> Dataset content
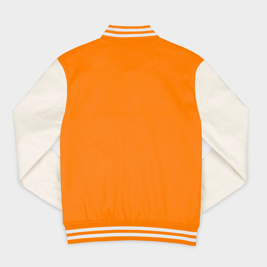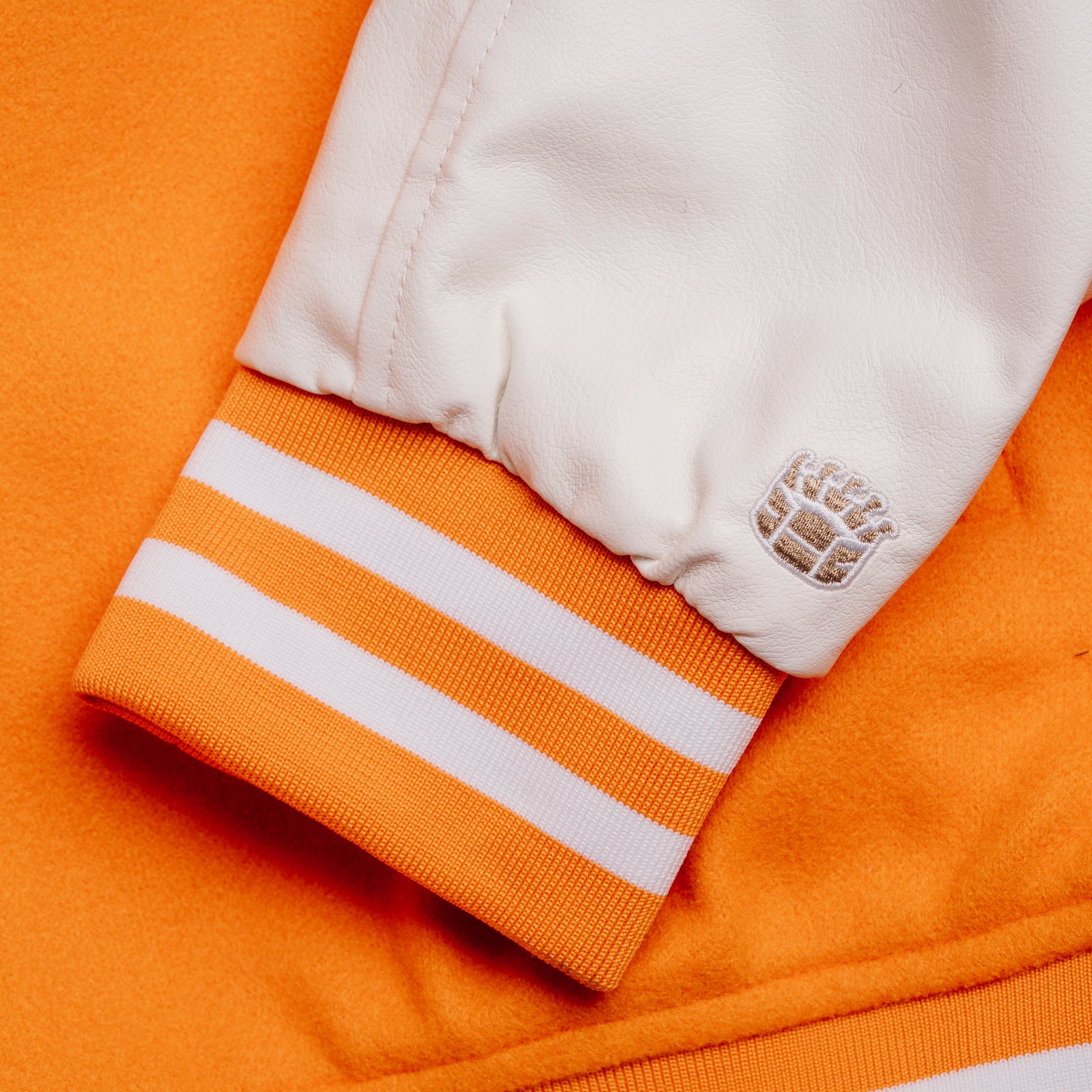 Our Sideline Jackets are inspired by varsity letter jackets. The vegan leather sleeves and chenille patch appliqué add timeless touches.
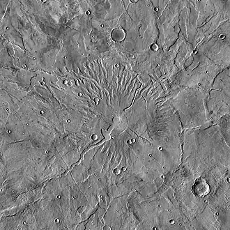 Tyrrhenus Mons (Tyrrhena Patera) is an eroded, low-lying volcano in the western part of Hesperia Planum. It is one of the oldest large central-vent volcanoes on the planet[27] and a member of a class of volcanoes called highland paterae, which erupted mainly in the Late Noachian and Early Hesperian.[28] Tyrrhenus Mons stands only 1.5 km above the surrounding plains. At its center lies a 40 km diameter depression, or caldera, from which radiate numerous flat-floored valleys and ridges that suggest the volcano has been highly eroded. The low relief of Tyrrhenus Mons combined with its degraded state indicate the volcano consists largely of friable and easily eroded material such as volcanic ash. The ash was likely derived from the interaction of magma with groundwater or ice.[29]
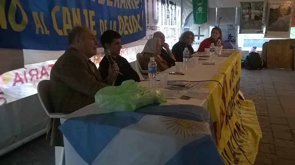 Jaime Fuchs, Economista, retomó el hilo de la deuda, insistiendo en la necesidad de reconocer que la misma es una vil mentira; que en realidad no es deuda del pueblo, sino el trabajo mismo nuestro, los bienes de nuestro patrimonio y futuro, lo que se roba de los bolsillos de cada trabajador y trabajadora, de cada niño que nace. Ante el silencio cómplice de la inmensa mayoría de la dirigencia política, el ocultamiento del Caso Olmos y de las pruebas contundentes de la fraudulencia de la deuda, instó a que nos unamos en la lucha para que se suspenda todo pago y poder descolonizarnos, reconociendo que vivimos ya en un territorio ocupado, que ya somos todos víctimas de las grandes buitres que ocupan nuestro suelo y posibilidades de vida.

> Assignment
Omit pictures; set down the rest of the material word for word.

> Result of the exercise
 Our Sideline Jackets are inspired by varsity letter jackets. The vegan leather sleeves and chenille patch appliqué add timeless touches.
 Tyrrhenus Mons (Tyrrhena Patera) is an eroded, low-lying volcano in the western part of Hesperia Planum. It is one of the oldest large central-vent volcanoes on the planet[27] and a member of a class of volcanoes called highland paterae, which erupted mainly in the Late Noachian and Early Hesperian.[28] Tyrrhenus Mons stands only 1.5 km above the surrounding plains. At its center lies a 40 km diameter depression, or caldera, from which radiate numerous flat-floored valleys and ridges that suggest the volcano has been highly eroded. The low relief of Tyrrhenus Mons combined with its degraded state indicate the volcano consists largely of friable and easily eroded material such as volcanic ash. The ash was likely derived from the interaction of magma with groundwater or ice.[29]
 Jaime Fuchs, Economista, retomó el hilo de la deuda, insistiendo en la necesidad de reconocer que la misma es una vil mentira; que en realidad no es deuda del pueblo, sino el trabajo mismo nuestro, los bienes de nuestro patrimonio y futuro, lo que se roba de los bolsillos de cada trabajador y trabajadora, de cada niño que nace. Ante el silencio cómplice de la inmensa mayoría de la dirigencia política, el ocultamiento del Caso Olmos y de las pruebas contundentes de la fraudulencia de la deuda, instó a que nos unamos en la lucha para que se suspenda todo pago y poder descolonizarnos, reconociendo que vivimos ya en un territorio ocupado, que ya somos todos víctimas de las grandes buitres que ocupan nuestro suelo y posibilidades de vida.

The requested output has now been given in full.